More than 2,000 people marched from 24th and Mission street to Civic Center Plaza to push for migrant workers’ rights on May Day, known internationally as a day for workers’ rights.
“We recognize that so many students at City College are immigrants,” Said Alissa Messer, president of the American Federation for Teachers. “We are here to represent them.”
City College ESL teachers Allan Fisher, Jim McKinney and Shawn Robinson joined Messer in the march.
While May Day is known as International Workers Day, the United States stopped acknowledging it in 1958 and began calling it Loyalty Day when it was perceived to be an entity of the Communist party. Regardless, people from around the nation gather annually on May 1, in recognition of labor rights.

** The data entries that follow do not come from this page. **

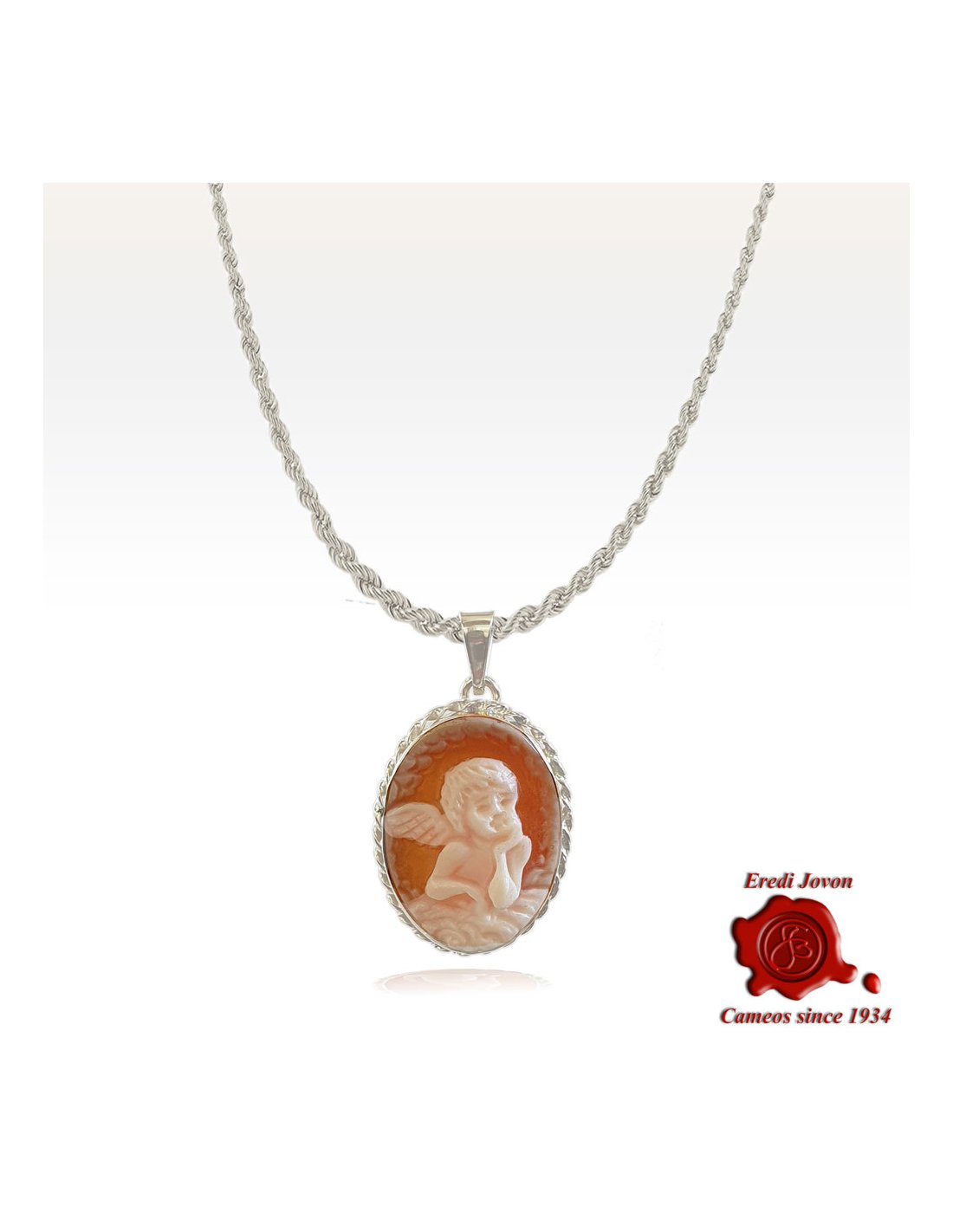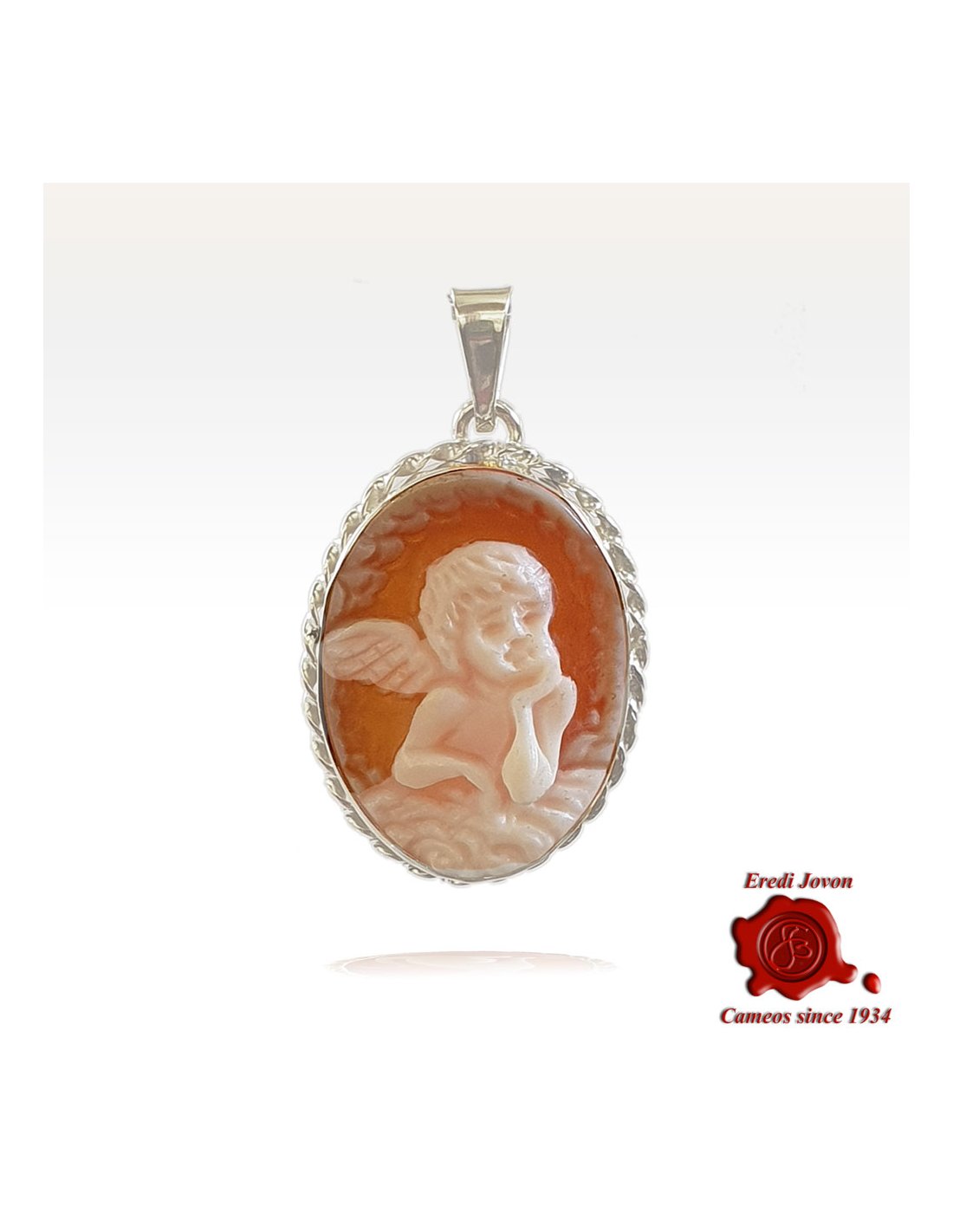 Raphael's Angel – Traditional Cameo, Pendant Only in 925% Sterling Silver - This exquisite pendant features a delicately hand-carved traditional cameo, depicting the famous thoughtful angel by Raphael Sanzio, inspired by the iconic masterpiece The Sistine Madonna. A work of art transformed into jewelry, embodying grace and contemplation.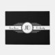 Doormat del art déco del monograma con las iniciales enmarcadas en un círculo blanco con la frontera negra. El monograma se flanquea cerca primero y los apellidos y adorno rayado.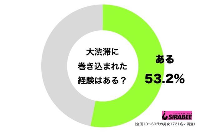 なお運転についてはこのような調査がある。しらべぇ編集部が、全国10~60代の男女1,721名を対象に調査したところ、「大渋滞に巻き込まれた経験がある」人は、全体の53.2%。経験の無い人が46.8%だった。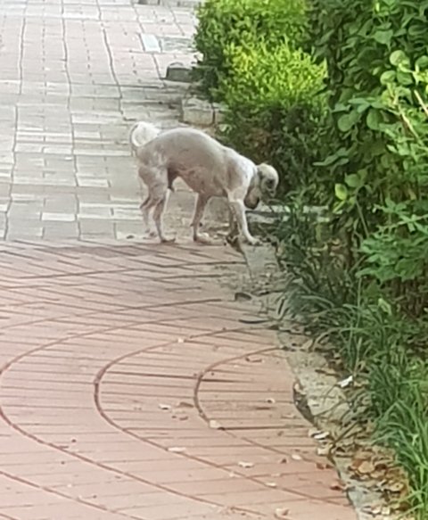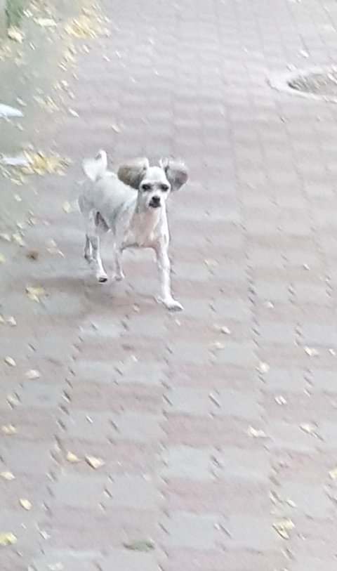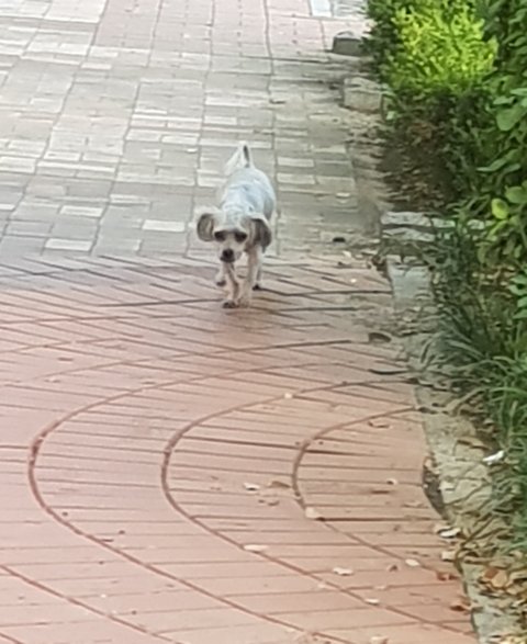 몸은 흰색바탕에 얼룩이 조금 있었고, 귀빼고 털이 짧은게 미용한지 얼마 안돼보였어요. 관찰해본 바로는 중성화되어있는 수컷인것같고, 5키로정도 돼보였습니다.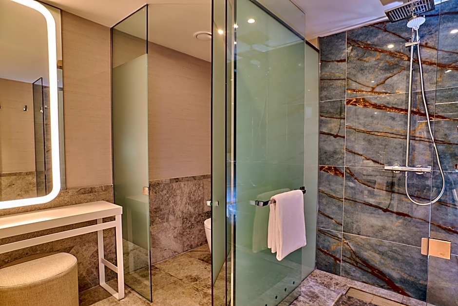 This deluxe room features a queen-size bed, a private bathroom with shower, LCD TV, an electric kettle, electronic safety deposit box, a spacious walk-in closet and a work area. The use of the gym, swimming-pool and spa at Hilton Fitness is also included.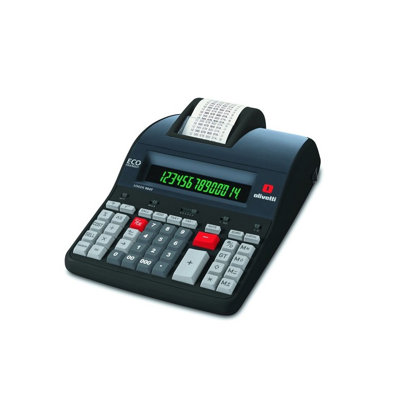 "Calcolatrice scrivente e professionale logos 904t "" display lcd a 14 cifre retroilluminato "" funzione saving "" stampante termica alfanumerica "" prodotta con plastica riciclata e riciclabile "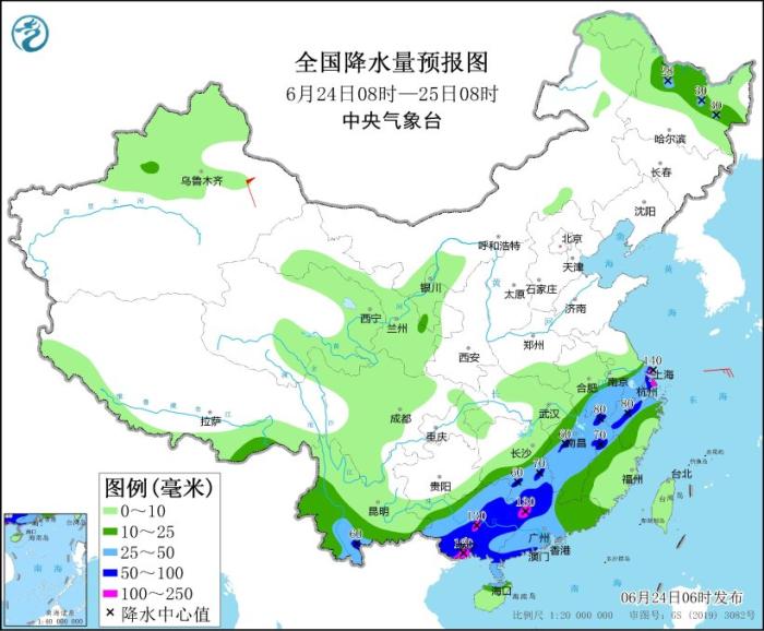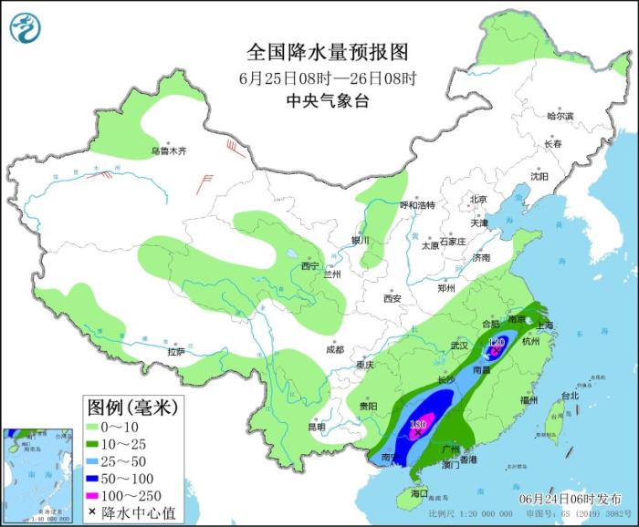 6月24日08時至25日08時,蘇皖南部、上海、浙江北部和西部、福建西北部、江西大部、湖南南部、廣西大部、廣東中西部、云南南部等地部分地區有大到暴雨,其中,江蘇東南部、上海東部、廣西中部和南部沿海、廣東北部等地局部地區有大暴雨(100~160毫米)。

Industrial Workers of the World was among the various organizations that rallied for comprehensive immigration reform as well as the DREAM Act, which allows undocumented youths a chance for legal residency through higher education or military service.
A crowd of around 500 people gathered near the 24th Street BART station at noon. Officer D. Woodward, a City College alumnus, estimated the crowd to have grown to 2,000 people by 1 p.m.
“So far everything is very orderly, I don’t expect any problems,” Woodward said. “This is generally a very good event.”
As the march approached Civic Center Plaza at 2:30 p.m., protesters were greeted by roughly 100 anti-immigration “patriots,” protected by police barricades and shielded by dozens of police officers. They yelled, “Go home! Secure our borders! No sanctuary city!” to the workers’ rights demonstrators.
“Everything over there is communism,” said Dave Swan, a member of the patriot contingency. “What happened to earning an honest wage and doing the work to support your family? None of them are doing that and they expect our government to support them.”
In response to the opposition, an eclectic group of various immigrants, residents, citizens and anarchists chanted, “Stop using ignorance to justify your bigotry! Go back to Arizona!”
Most of the May Day protesters found the patriots’ argument to be a joke and laughed at their signs, which said things like “May is for Mothers’ Day and Memorial Day, not Mexicali or Moscow.”
“They are obviously not from San Francisco,” said Claudio Naleila. “We are a very open city, they can do this somewhere else but here it is out of place.”